On Aug. 8, Habib was replaced by Gen. Daoud Rajiha, the military's chief of staff and a Greek Orthodox Christian. The official Syrian news agency, Sana, asserted that Habib was replaced because of illness, Middle East Newsline reported.

"This reshuffle is part of the reassignments that have recently covered a number of officials following direct meetings held by President Assad with popular delegations and citizens," a Syrian government statement said.

A day later, Habib was said to have been killed at his home in what the opposition asserted was a regime execution. At first, Syrian state television said Habib died from natural causes, but did not elaborate.

Later, Habib appeared on state television and said reports of his death stemmed from Western countries. The ex-defense minister expressed praise of what he termed Syria's "courageous Defense Ministry."

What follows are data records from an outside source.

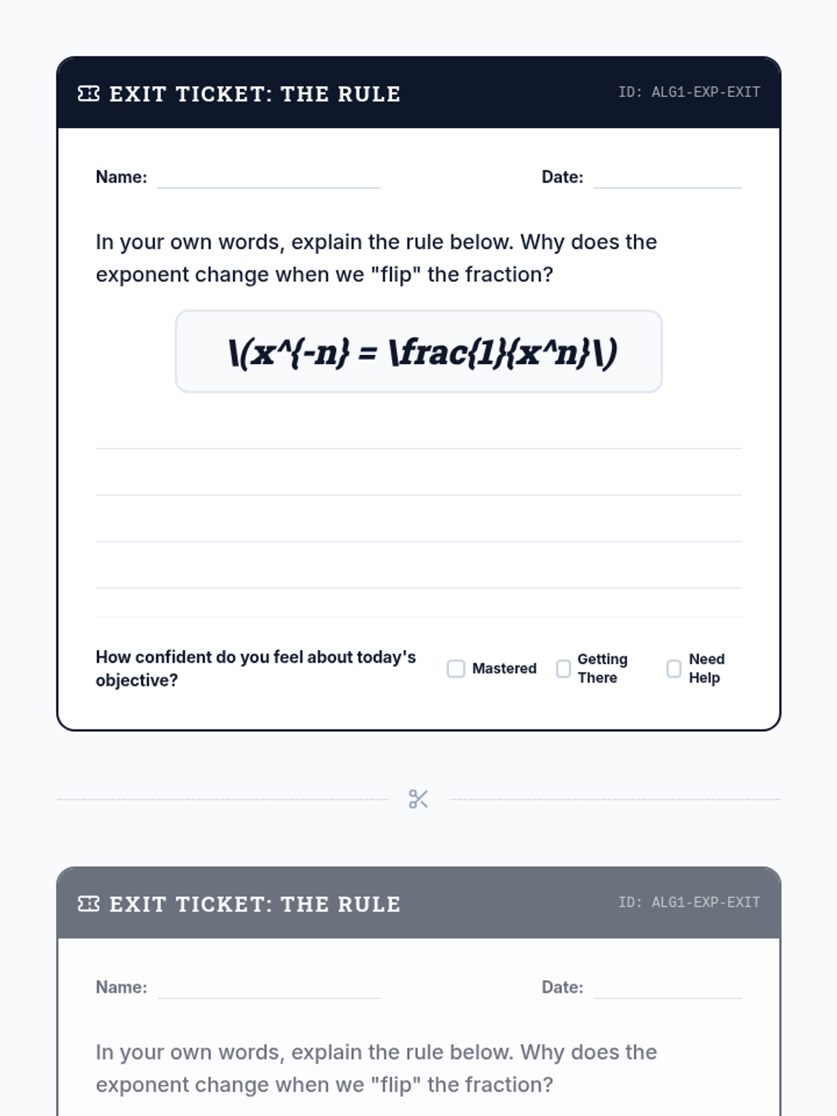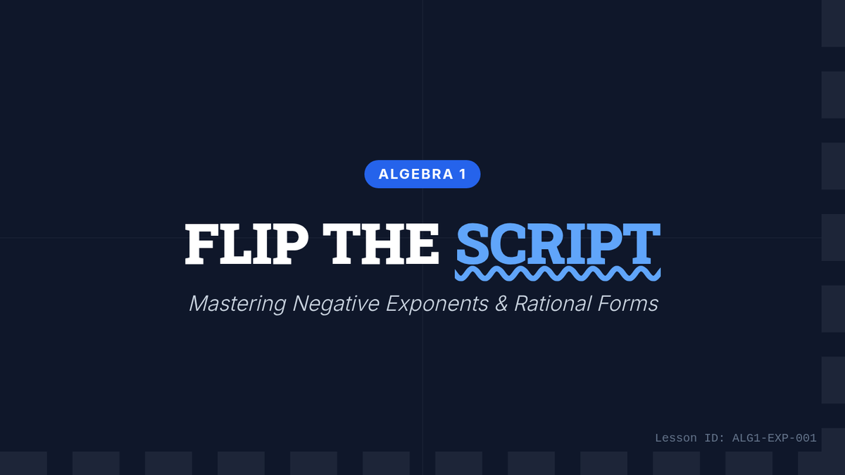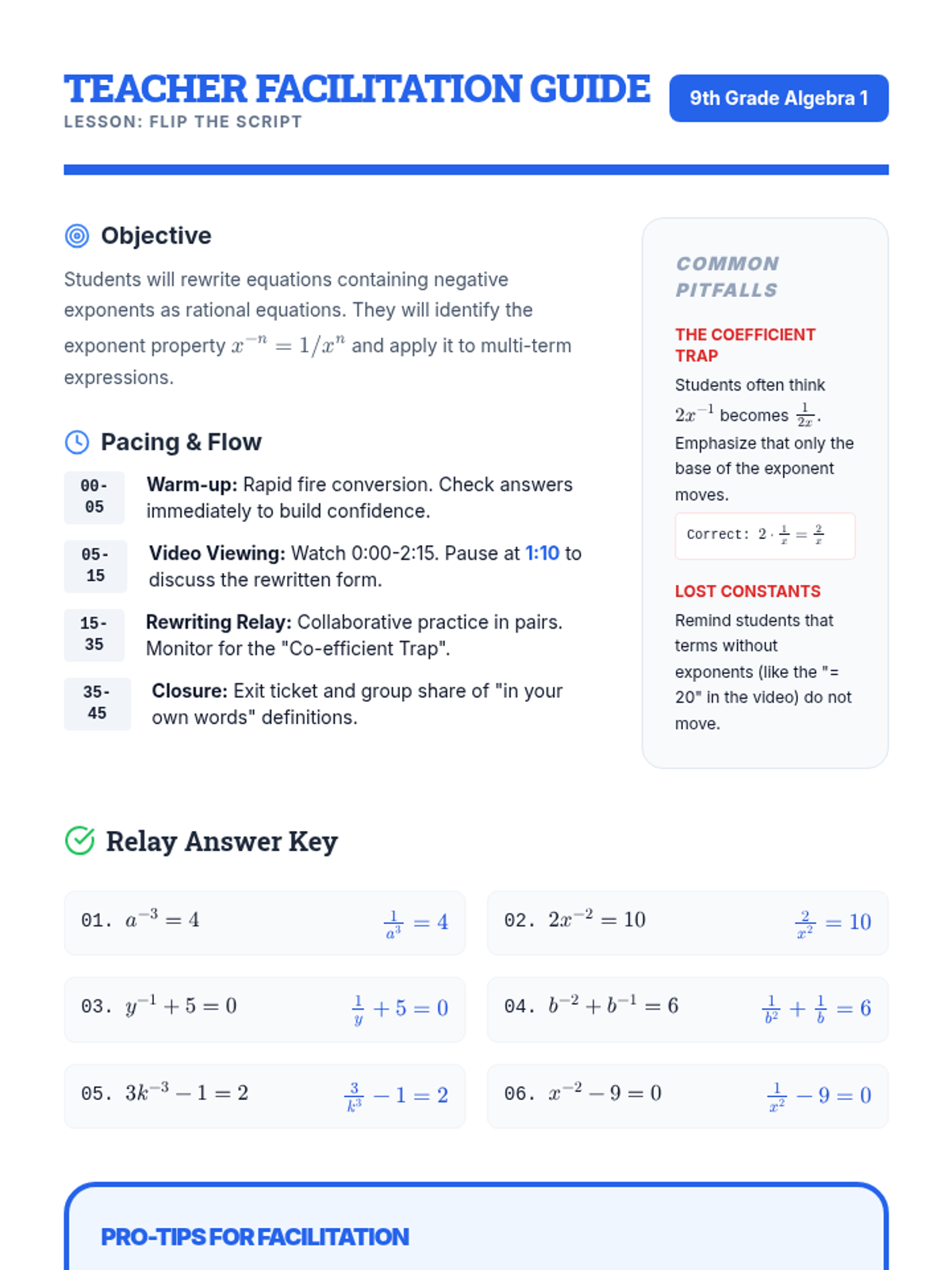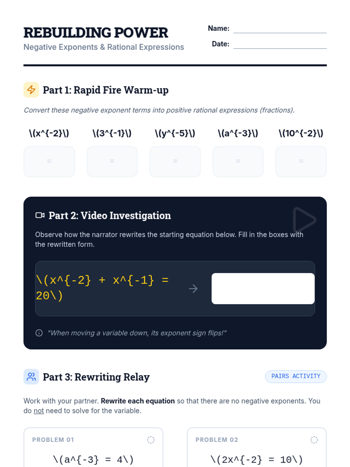 A lesson focused on converting expressions with negative exponents into rational expressions, featuring a video-based demonstration and a collaborative rewriting relay.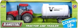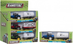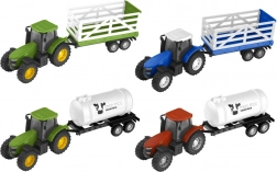 Alegeți tractorul în verde, albastru sau roșu și atașați remorca dorită – platformă universală sau o cisternă elegantă pentru lapte (în funcție de disponibilitate).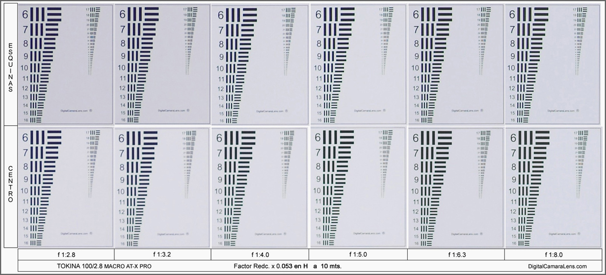 esquinas/centro llegando a igualarse en los f 1:6.3 y f 1:8.0.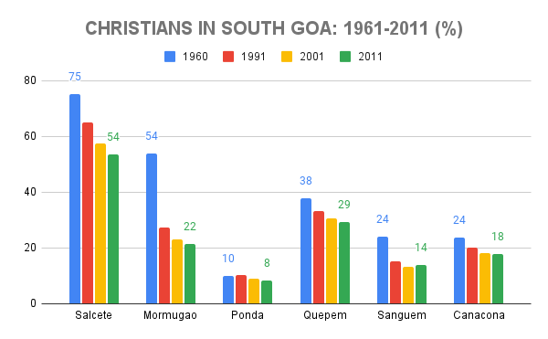 The nature of Christian domination has slowly started changing all across Goa’s political turf, mainly due to three factors: 1) Urbanisation of Hindus from the New Conquests to the city centres of the Old Conquests, 2) Huge amount of in-migration of labour and trading class, mostly belonging to the non-Christian faiths like Hindus and Muslims, and 3) Continued exodus of Goans, largely Christians, outside Goa and India, even by giving up Indian citizenship and their voting rights.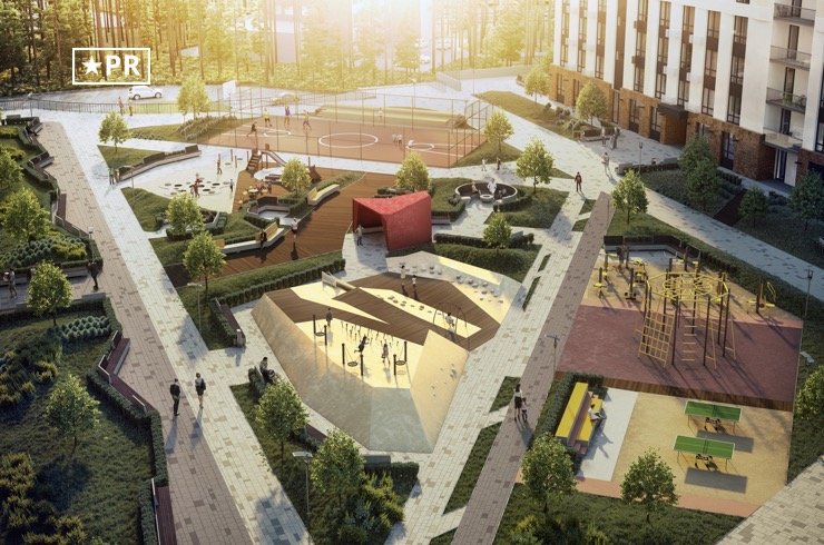 Для найменших мешканців на території комплексу облаштують ігровий майданчик, також тут передбачена окрема зона для занять спортом і спеціально обладнане місце для барбекю.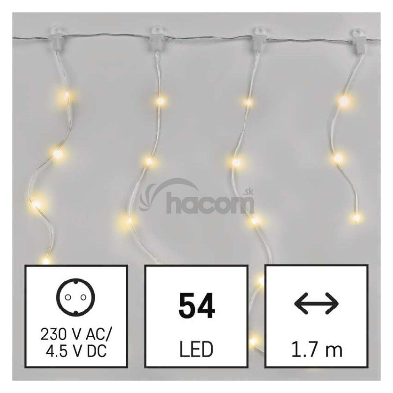 LED vianočná drop reťaz – cencúle, 1,7 m, vonkajšia aj vnútorná, teplá biela, programy D3CW01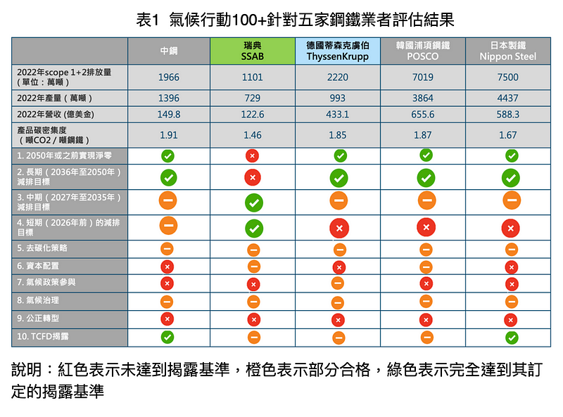 中鋼在短期(2026年以前)減排目標的揭露表現優於其他三家鋼鐵業者(德國Thyssenkrupp、日本製鐵Nippon Steel,及韓國浦項鋼鐵POSCO),在「中期(2027至2035年)減排目標」、「去碳化策略」與「氣候治理」等指標的資料揭露上則是與其他業者表現相當,皆為部分合格。

The diplomats reported that Habib had been concerned by the use of the military to quell civilian protests. The outgoing defense minister was said to have argued that army and other military units were being demoralized and a target for Sunni Islamist insurgents trained in Iraq.

A-Sharq Al Awsat quoted a military source as saying Habib had ordered an army withdrawal from Hama, in which at least 300 civilians were killed in early August. The newspaper said Habib and other senior members of the Assad regime engaged in "differences on the management of the crisis."

The diplomats said Habib had long been regarded as one of the few pro-Western figures in the Syrian regime. In June, Habib, however, was cited in the second round of European Union sanctions when the military expanded operations to quell the revolt.